Reading, Writing, And History (June 1964 | Volume: 15, Issue: 4)

Reading, Writing, And History

AH article image

Authors: Bruce Catton

Historic Era:

Historic Theme:

Subject:

June 1964 | Volume 15, Issue 4

Perhaps the most compelling words in American history are the simple words, “ the West .” From the earliest days, they have been the magnet; they have also been somewhat magical, because they evoke not merely the land where the sun goes down but also the vision of illimitable horizons—the place where there is a crack between the rim of the land and the bowl of the blue sky, through which Americans have always been able to see just a little more than they can ever quite grasp. Those words mean more than they say. They hint of a fabulous country full of wonder and peril, where men risk all they have in order (they hope) to gain more than they can imagine. They somehow lie at the bottom of most of the things we have done.

A century and a half ago they had especial power because the West then was unknown and unpossessed. The Louisiana Purchase was still new, threaded by the great journey of Lewis and Clark leading to the Oregon country, which was yet to be won, and American history then was still in the “maybe” stage. There was a continent to be possessed, but the people who were about to possess it were busy enough with the fraction they already had, and they needed trail breakers.

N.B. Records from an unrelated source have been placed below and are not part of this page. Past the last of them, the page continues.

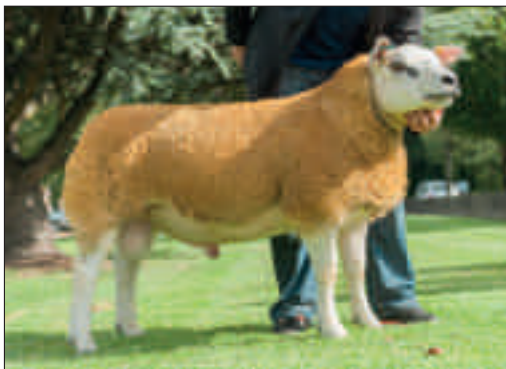
GLENSIDE WILD BOY

Purchased Carlisle for the second top price of 12,000gns. He is sired by the 38,000gns Glenside Vava Voom.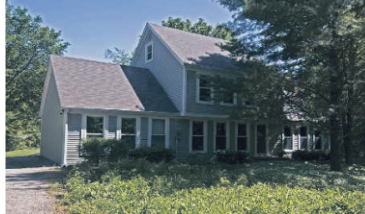
STUNNING-5 SPACIOUS BDRMS-MINS TO 401 $619,900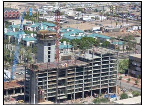
Arizona State University - Taylor Place Student Housing Austin Commercial / Suntec Concrete, 2007 One Peiner SK415 Tower Crane, 75 m jib, 61 m height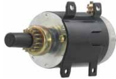
206-07112 STR. Tecumseh 12V 16T CCW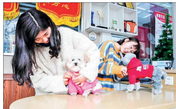
Cosmeticians at a pet hospital in Liaocheng, Shandong province, dress up pet dogs. Many pet owners want grooming services for their pets.

from the same holiday in 2022. And these services are only the tip of the iceberg when it comes to pet industry consumption in China.—Xinhua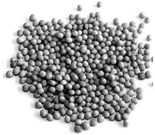
“White Mustard Seeds”, Edal Lefterov (2012)

30 He also said, “With what can we compare the kingdom of God, or what parable will we use for it? 31 It is like a mustard seed, which, when sown upon the ground, is the smallest of all the seeds on earth; 32 yet when it is sown it grows up and becomes the greatest of all shrubs, and puts forth large branches, so that the birds of the air can make nests in its shade.”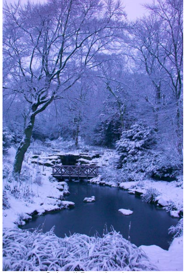
Saltwell Dene in winter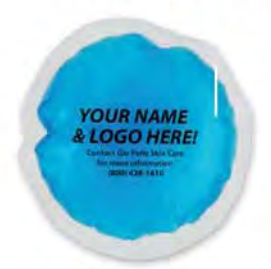
4" Round with cloth back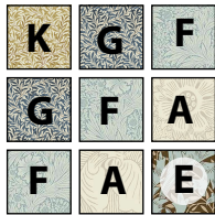
Block 3 Make 24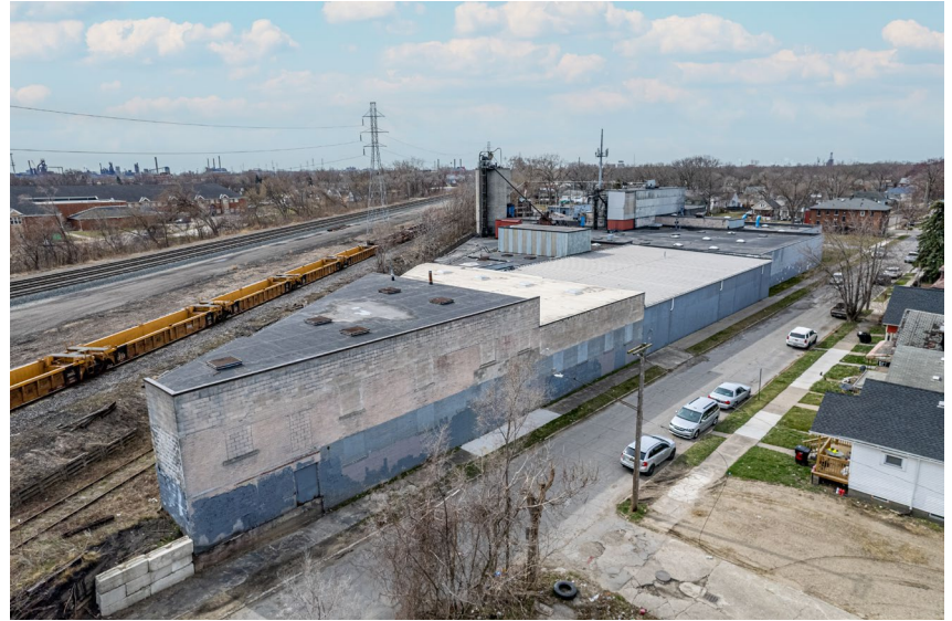
7045 Cahalan Street. Back of building, looking toward Green Street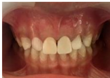
Fig 8: Post-operative photograph showing luxa crowns 51,52,61,62

The trail breakers they finally got, and most of them they have since virtually forgotten; among them, a Virginia-born Missourian named William Henry Ashley, who looked at the blank spaces on the map and concluded that an energetic man could make his fortune there if he tried hard enough. He went into the blank spaces, made his fortune, traced on the map lines that had not been there before he went west, and helped to shape the future course of American history. He is worth a little more space than most of the textbooks usually give him.

Ashley was a general of the Missouri militia, a politician of sorts, an energetic businessman, and a born go-getter with courage and imagination, and he was largely responsible for the development of that most glittering of the West’s romantic figures, the mountain man—the free trapper who explored the western wilderness at imminent peril of his life (which, very often, was lost), knew how to get to Oregon and California before anyone else dreamed of wanting to go there, and put the authentic American stamp on the trackless half of a continent.

Ashley gets his due now in an elaborate and fascinating book by Dale Morgan, The West of William H. Ashley . This is less a biography than a compilation of all of the important contemporary documents relating to Ashley and the Rocky Mountain fur trade. It is the result of twenty years of patient digging, and the endless set of quotations from letters, commercial papers, and army reports is neatly tied together by bits of Mr. Morgan’s connective narrative.